● **What you have to do**
Pictures appear among the records below and must be omitted. Repeat exactly the lines from the line with "2024 年 10 月" to the line with "Golden Sun Villas", both included.

● **Listed records**
- - -

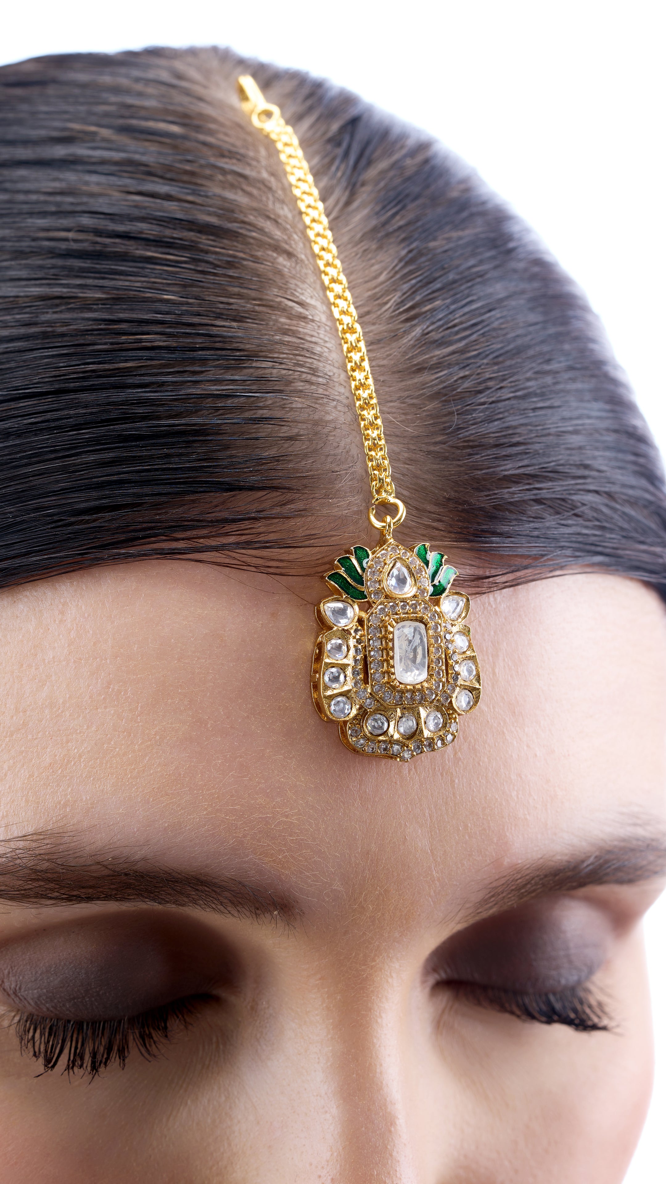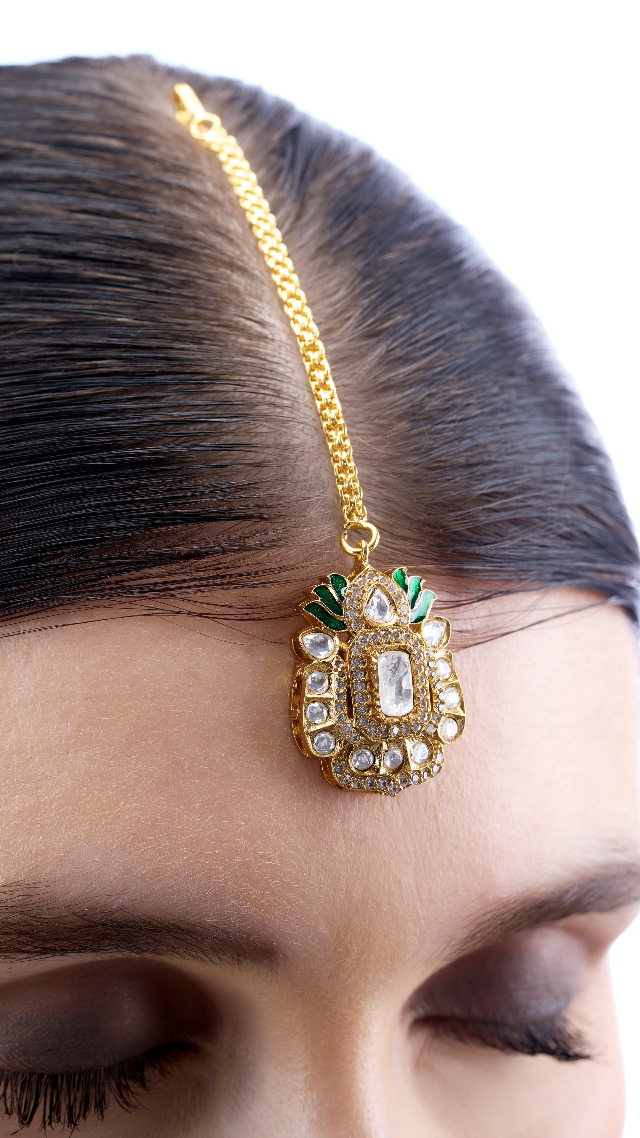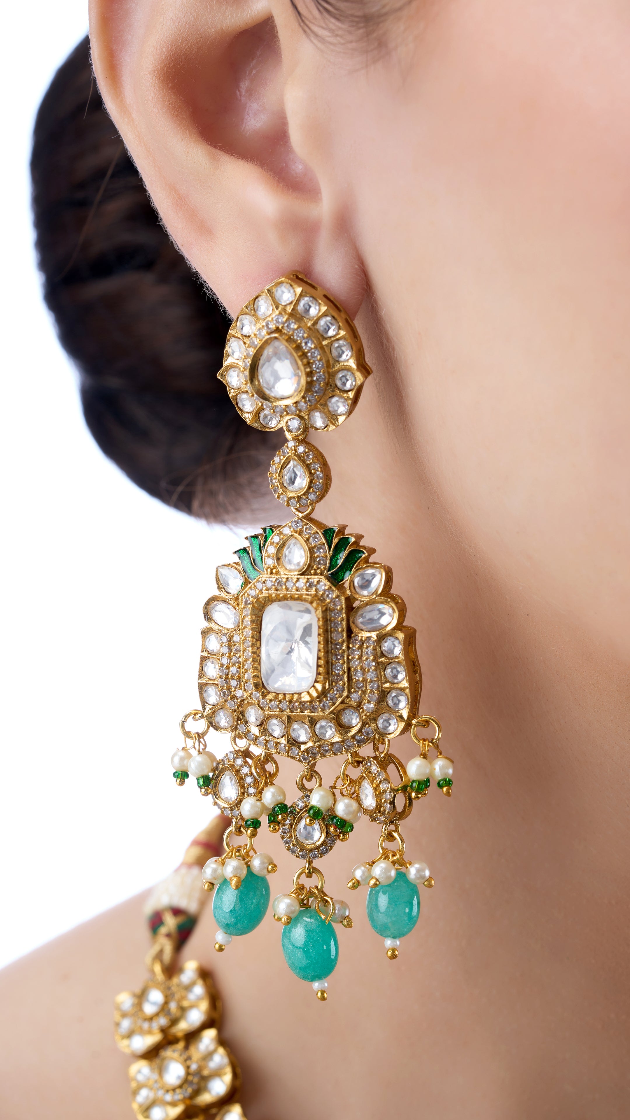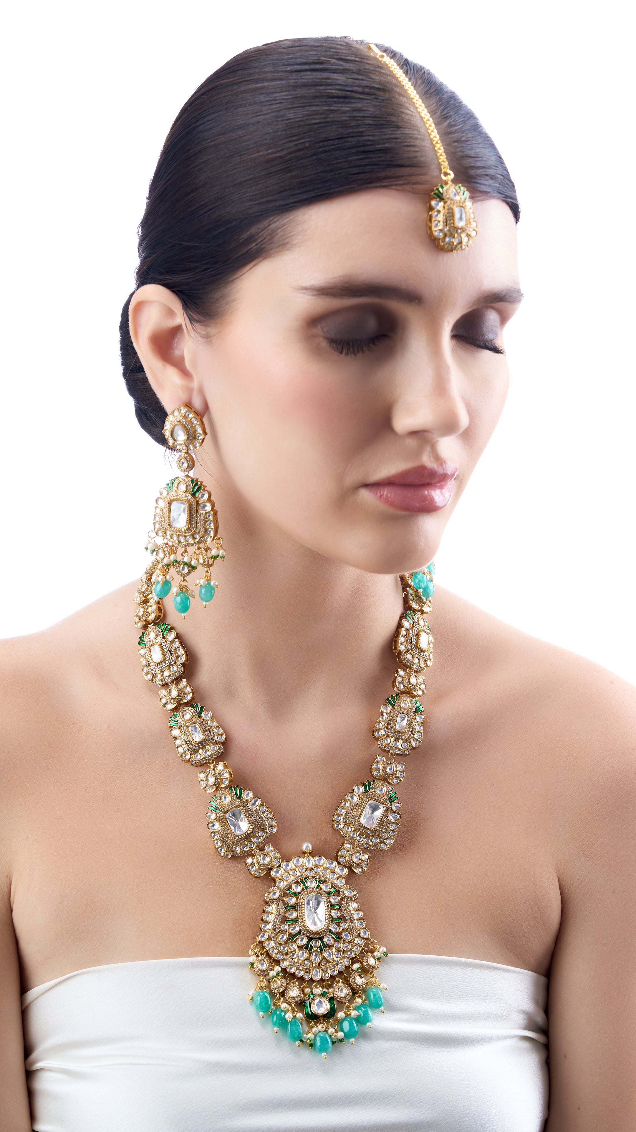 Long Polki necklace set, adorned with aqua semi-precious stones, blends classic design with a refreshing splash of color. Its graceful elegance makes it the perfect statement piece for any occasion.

- - -

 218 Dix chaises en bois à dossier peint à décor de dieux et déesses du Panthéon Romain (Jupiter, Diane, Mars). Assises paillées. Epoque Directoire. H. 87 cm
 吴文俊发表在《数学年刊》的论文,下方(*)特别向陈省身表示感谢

- - -

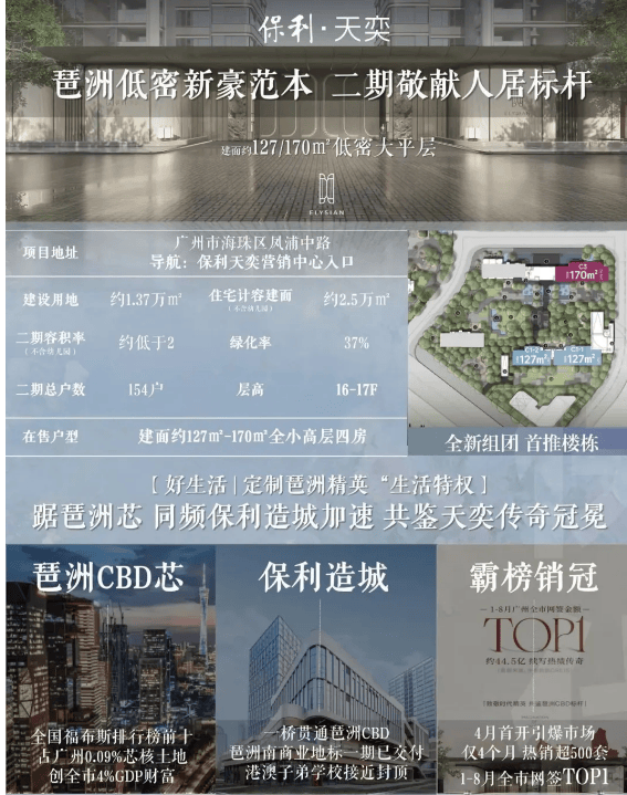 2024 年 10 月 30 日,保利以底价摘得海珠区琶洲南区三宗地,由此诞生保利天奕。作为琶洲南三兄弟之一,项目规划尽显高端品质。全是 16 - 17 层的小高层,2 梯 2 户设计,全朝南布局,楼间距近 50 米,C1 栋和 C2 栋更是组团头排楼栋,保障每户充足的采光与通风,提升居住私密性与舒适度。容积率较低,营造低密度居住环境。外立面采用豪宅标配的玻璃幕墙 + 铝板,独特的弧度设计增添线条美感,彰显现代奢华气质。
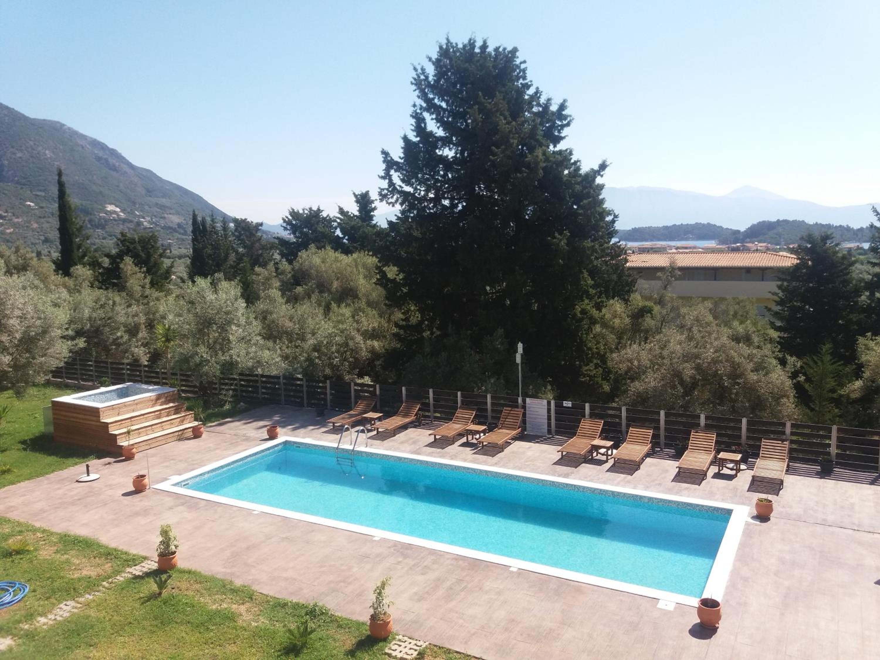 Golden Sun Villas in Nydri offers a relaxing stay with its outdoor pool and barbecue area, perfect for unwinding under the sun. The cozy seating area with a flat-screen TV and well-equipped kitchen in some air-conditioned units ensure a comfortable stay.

- - -

● **Exercise response**
 2024 年 10 月 30 日,保利以底价摘得海珠区琶洲南区三宗地,由此诞生保利天奕。作为琶洲南三兄弟之一,项目规划尽显高端品质。全是 16 - 17 层的小高层,2 梯 2 户设计,全朝南布局,楼间距近 50 米,C1 栋和 C2 栋更是组团头排楼栋,保障每户充足的采光与通风,提升居住私密性与舒适度。容积率较低,营造低密度居住环境。外立面采用豪宅标配的玻璃幕墙 + 铝板,独特的弧度设计增添线条美感,彰显现代奢华气质。
 Golden Sun Villas in Nydri offers a relaxing stay with its outdoor pool and barbecue area, perfect for unwinding under the sun. The cozy seating area with a flat-screen TV and well-equipped kitchen in some air-conditioned units ensure a comfortable stay.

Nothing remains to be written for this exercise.